Rocket Internet könnte von Glücks-Konstellation profitieren

Als heißester Kandidat auf den frei werdenden Platz wird derzeit Rocket Internet gehandelt. Was für das Unternehmen gleich in zweierlei Hinsicht ein Glücksgriff wäre. Denn erst vor wenigen Tagen ist die Aktie der Internet-Beteiligung-Gesellschaft in den Prime Standard gewechselt. Ein Listing in diesem Segment ist ebenfalls eine Voraussetzung für eine Mitgliedschaft in einem der Indizes aus der DAX-Familie.

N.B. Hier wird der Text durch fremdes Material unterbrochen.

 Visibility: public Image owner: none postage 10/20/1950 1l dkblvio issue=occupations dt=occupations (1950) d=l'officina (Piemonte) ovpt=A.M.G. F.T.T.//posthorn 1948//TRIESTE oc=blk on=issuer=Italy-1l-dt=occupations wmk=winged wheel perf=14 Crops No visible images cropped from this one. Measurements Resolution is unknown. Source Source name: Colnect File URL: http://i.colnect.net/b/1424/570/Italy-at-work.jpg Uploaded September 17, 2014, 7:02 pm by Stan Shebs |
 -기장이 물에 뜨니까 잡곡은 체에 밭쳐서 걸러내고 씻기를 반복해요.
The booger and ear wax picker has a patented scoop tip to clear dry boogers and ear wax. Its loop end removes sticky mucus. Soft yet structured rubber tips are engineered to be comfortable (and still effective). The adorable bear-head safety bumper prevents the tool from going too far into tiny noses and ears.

Hinzu kommt: Rocket Internet sticht damit auch die beiden Börsenneulinge Uniper und Innogy aus. Schon im Vorfeld der jeweiligen Neuemissionen der beiden E.ON- bzw. RWE-Abspaltungen war klar, dass beide Firmen mindestens SDAX-, wenn nicht sogar MDAX-Potenzial haben. Dass sie jetzt erst einmal übergangen werden, liegt daran, dass für eine Indexmitgliedschaft ein Börsenhandel von mindestens 30 Tagen stattgefunden haben muss.

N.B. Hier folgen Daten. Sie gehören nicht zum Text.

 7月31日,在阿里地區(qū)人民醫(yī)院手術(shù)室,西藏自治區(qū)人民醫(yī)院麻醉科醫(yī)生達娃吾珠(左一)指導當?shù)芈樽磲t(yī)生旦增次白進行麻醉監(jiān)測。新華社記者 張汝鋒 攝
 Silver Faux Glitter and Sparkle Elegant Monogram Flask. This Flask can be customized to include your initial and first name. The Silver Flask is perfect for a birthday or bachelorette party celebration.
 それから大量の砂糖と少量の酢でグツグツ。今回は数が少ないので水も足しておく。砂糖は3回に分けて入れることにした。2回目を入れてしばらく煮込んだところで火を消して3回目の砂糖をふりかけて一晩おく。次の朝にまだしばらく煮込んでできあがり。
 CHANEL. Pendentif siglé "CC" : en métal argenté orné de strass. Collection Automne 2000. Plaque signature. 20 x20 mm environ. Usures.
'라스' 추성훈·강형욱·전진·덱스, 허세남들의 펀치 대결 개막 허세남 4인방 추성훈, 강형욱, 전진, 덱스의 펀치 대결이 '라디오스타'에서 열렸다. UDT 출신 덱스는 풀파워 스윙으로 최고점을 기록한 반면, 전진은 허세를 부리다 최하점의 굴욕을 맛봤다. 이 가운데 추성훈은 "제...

Was ist Rocket Internet wirklich wert?

Bleibt die Frage, ob sich durch eine SDAX-Mitgliedschaft die Börsenbewertung von Rocket Internet, insbesondere aber auch das Sentiment gegenüber der Aktie positiv verändern könnte. In den letzten Wochen gab es ja so etwas wie eine kleine Aufhellung, nachdem Rocket Internet zwar insgesamt für das erste Halbjahr erneut einen hohen Verlust melden musste, aber bei den wichtigsten Beteiligung operative Verbesserungen ausweisen konnte. Hilfreich in diesem Zusammenhang war auch eine Berechnung der BHF Bank, die auf Basis möglicher Platzierungs-Bewertungen der Hauptbeteiligungen auf einen fairen Wert von 32,20 € je Rocket-Internet-Aktie gekommen war.

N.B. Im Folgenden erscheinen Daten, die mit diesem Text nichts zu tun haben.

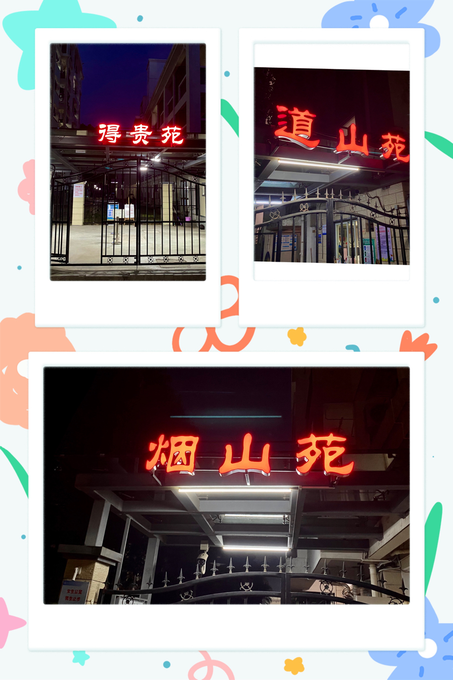 苑门上方的LED红色发光字,在夜色里显得格外靓丽而温馨。

Eine neue Mitgliedschaft im SDAX dürfte hier sicherlich unterstützend wirken, ohne dass wir allerdings größere Impulse erwarten. Aktuell befindet sich die Aktie noch deutlich in der Phase einer Bodenbildung, weshalb sich hier neue Käufe noch nicht zwingend aufdrängen. Wer engagiert ist, sollte dies aber bleiben, da wir das Risiko nach unten für überschaubar halten.